Home > Article > Technology peripherals > First article: A new paradigm for training multi-view 3D occupancy models using only 2D labels
This article is reprinted with the authorization of the Autonomous Driving Heart public account. Please contact the source for reprinting.
[RenderOcc, the first new paradigm for training multi-view 3D occupancy models using only 2D labels] The author extracts NeRF-style 3D volume representations from multi-view images and uses volume rendering techniques to build 2D reconstructions, thus Enables direct 3D supervision from 2D semantic and depth labels, reducing reliance on expensive 3D occupancy annotations. Extensive experiments show that RenderOcc performs comparably to fully supervised models using 3D labels, highlighting the importance of this approach in real-world applications. Already open source.
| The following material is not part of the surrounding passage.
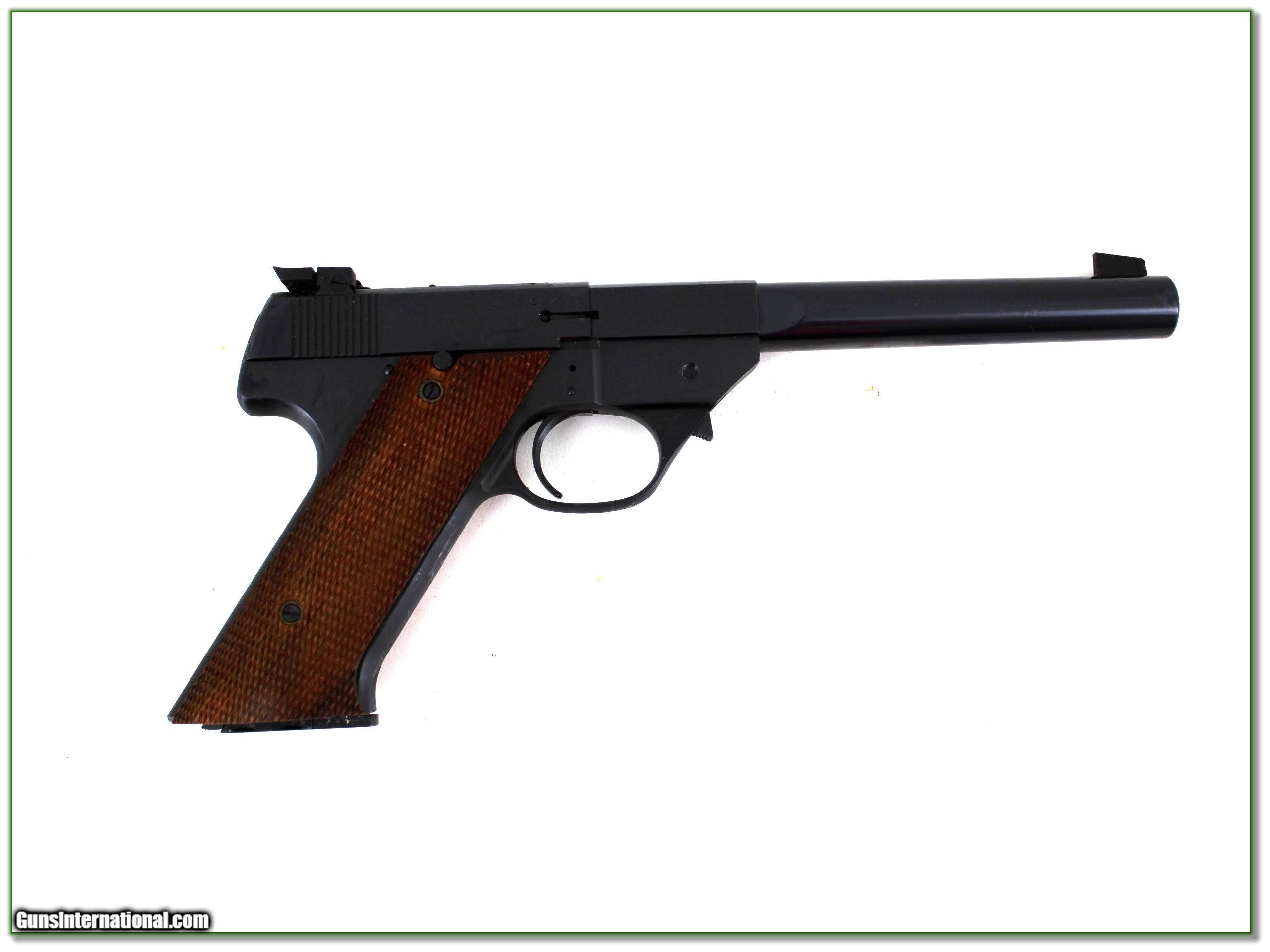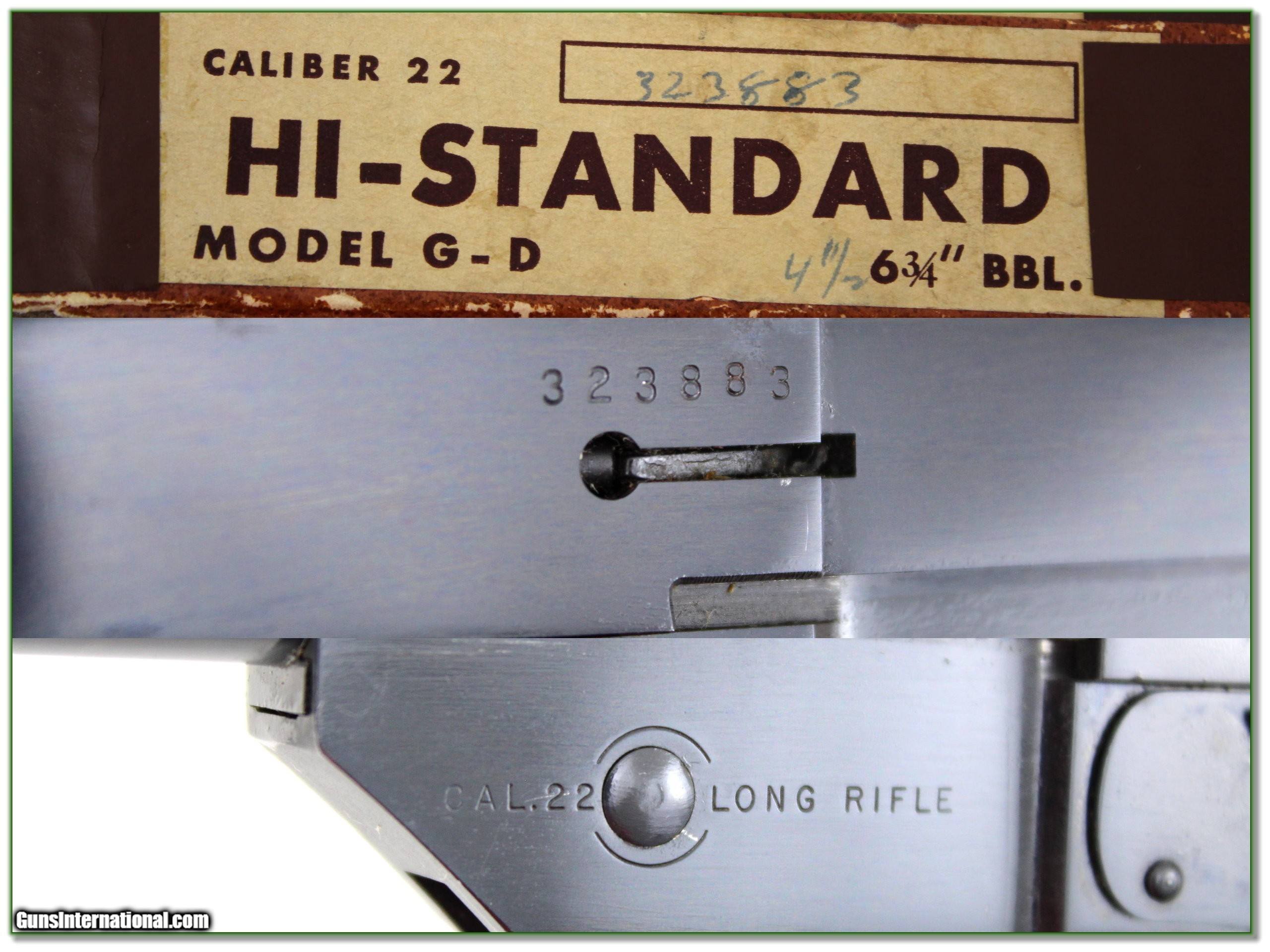 Description: Collectors, this is a top collector condition Hi-Standard Model GD 2 barrel set in 22 LR. It has a 6 5/8in and 4 3/8in barrels. I looks new and unfired with no marks I find on the metal or the wood. It comes in unmarked box that does have tape on edges. I don’t think you can find a nicer one! I am selling this one on consignment and as such lay-a-way can’t be used. It does of course have the standard 3-day inspection. Shipping and insurance is $49. Please email me with any questions or larger pictures. (Consign your quality firearms with Shooting Investments for only 12%! Let me know if you have any you would like to sell!) 22-1086 Payment: Payment is by Money Order, Cashier’s Check or Personal Check. I can now also accept Credit Cards (MasterCard, Visa, Discover & American Express) with a 3% convenience fee. Shipping: The shipping charge will be listed in each description. It is $49 for most firearms. Some heavy guns or those insured for over $2000 will be higher. Shipments to Alaska and Hawaii are higher because air shipment is required. Most firearms are shipped on Tuesday and Thursday and usually in 5 days of receipt of payment. We package all shipments carefully and insure them. Optics are shipped Priority Mail and most other non-firearm shipments are shipped First Class. Returns: Our return policy is simple. If for any reason you are not pleased with your purchase, you may return your item for a full refund of purchase price. Ammunition cannot be returned. It is important to us that you are happy. Guns cannot be fired or dissembled before returning them and they must be returned in the same condition as received. Notification of a return must occur within 3 days of receipt at your dealer. Shipping, convenience and dealer fees are not refundable and are the responsibility of the buyer. Lay-a-way: If needed, we offer a 60 day lay-a-way option on most firearms. It is 1/3 now, 1/3 in 30 days and 1/3 in 60 days. Lay-a-way firearm sales are final and cannot be returned. If a lay-a-way is not completed the first payment cannot be refunded. Consigning your firearms with Shooting Investments: We will help you get top dollar for your firearms. While most local guns shops charge 20% or more, our fee is only 12% with a minimum of $75. At your local gun shop it might take months to sell. Selling on-line provides instant access to thousands of interested buyers. You won’t find any other on-line dealer willing to sell your firearms for only 12% or listing every gun on 3 separate s. Selling through an House typically costs the seller 15% and the buyer an addition 15% (so 30%) and you have to wait several months to sell and longer to receive funds. If properly priced, we will sell your firearms within a few weeks. Send us an email or give us a call and we’ll explain how easy it is for you to get top dollar. Trading: Trading for us is really just buying your gun to re-sell. If you have a gun you want to trade, please email a picture and we will let you know what we can give for it. You will always get more if we sell it for you on consignment. SOLD |

Title: RenderOcc: Vision-Centric 3D Occupancy Prediction with 2DRendering Supervision
Author affiliation: Peking University, Xiaomi Automobile, Hong Kong Chinese MMLAB
The content that needs to be rewritten is: Open source address: GitHub - pmj110119/RenderOcc
3D occupancy prediction has important prospects in the fields of robot perception and autonomous driving, which quantifies 3D scenes into grid cells with semantic labels. Recent work mainly utilizes complete occupancy labels in 3D voxel space for supervision. However, expensive annotation processes and sometimes ambiguous labels severely limit the usability and scalability of 3D occupancy models. To solve this problem, the authors propose RenderOcc, a new paradigm for training 3D occupancy models using only 2D labels. Specifically, we extract NeRF-style 3D volumetric representations from multi-view images and use volume rendering techniques to build 2D reconstructions, enabling direct 3D supervision from 2D semantic and depth labels. In addition, the authors introduce an auxiliary ray method to solve the sparse viewpoint problem in autonomous driving scenes, which utilizes sequential frames to build a comprehensive 2D rendering for each target. RenderOcc is the first attempt to train a multi-view 3D occupancy model using only 2D labels, reducing the reliance on expensive 3D occupancy annotations. Extensive experiments show that RenderOcc performs comparably to fully supervised models using 3D labels, highlighting the importance of this approach in real-world applications.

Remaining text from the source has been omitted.